Development of pyrom1(-) EEF is significantly reduced within the first 24 hours of hepatic development.

Development of sporozoites within Hepa 1–6 cells was analyzed at 6 hours, 12 hours, and 24 hours post invasion. (A) A double staining assay was carried out to determine the number of intracellular parasites undergoing development inside Hepa1–6 cells at 6 hours post infection The % intracellular parasites was determined by counting at least 30 fields per well.
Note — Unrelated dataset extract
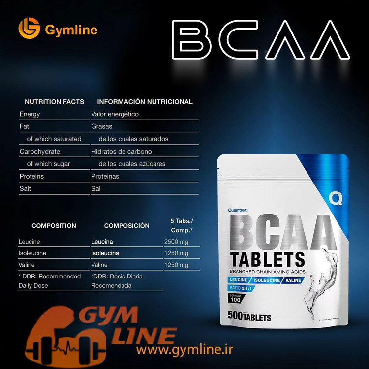 مکمل BCAA Tablets از برند اسپانیایی Quamtrax یک محصول متمرکز بر سه اسید آمینه حیاتی برای عضلات است. این مکمل با فرم قرصی خود، روشی راحت و قابل حمل برای تأمین لوسین، ایزولوسین و والین (BCAA) فراهم میکند که برای حمایت از بافت عضلانی در طول تمرینات سنگین و تسریع ریکاوری، ضروری هستند.

Values shown are the mean % intracellular parasites from duplicate counts ± standard deviation. The values were not statistically significant (P-value 0.17) using unpaired t test analysis. Parasite development at 12 hours (B) and 24 hours (C) post infection was assayed by staining with α-pyCSP and developing parasites per field were counted (at least 30 fields were counted per well). The numbers represented are the mean values of developing parasites/15 fields ± standard deviation. At 12 hours development there is a 45% reduction in pyrom1(-) parasite development (P-value 0.008 using one-way ANOVA analysis) and at 24 hours there is at least a 60% reduction in pyrom1(-) parasite development (P-value 0.001 using one-way ANOVA analysis) D) Images of developing liver stage parasites at 6 hours and 12 hours stained with CSP show that despite reduced numbers, R1KO parasites are capable of undergoing the initial differentiation, transformation, and sphericalization during early hepatic development. (E) Development of pyrom1(-) parasites that survive the initial 24 hours go on to develop normally. Immunofluorescence of exo-erythrocytic forms (EEF) at 40 hours post invasion of Hepa1–6 cells was performed using anti-pyCSP to visualize developing parasites. Pictures of at least 50 EEF/well (duplicate) were taken. Area of EEF was measured using Image J software. Area was determined as an arbitrary value from images taken with the same magnification (40×). Bar graphs represent the mean area ± SEM.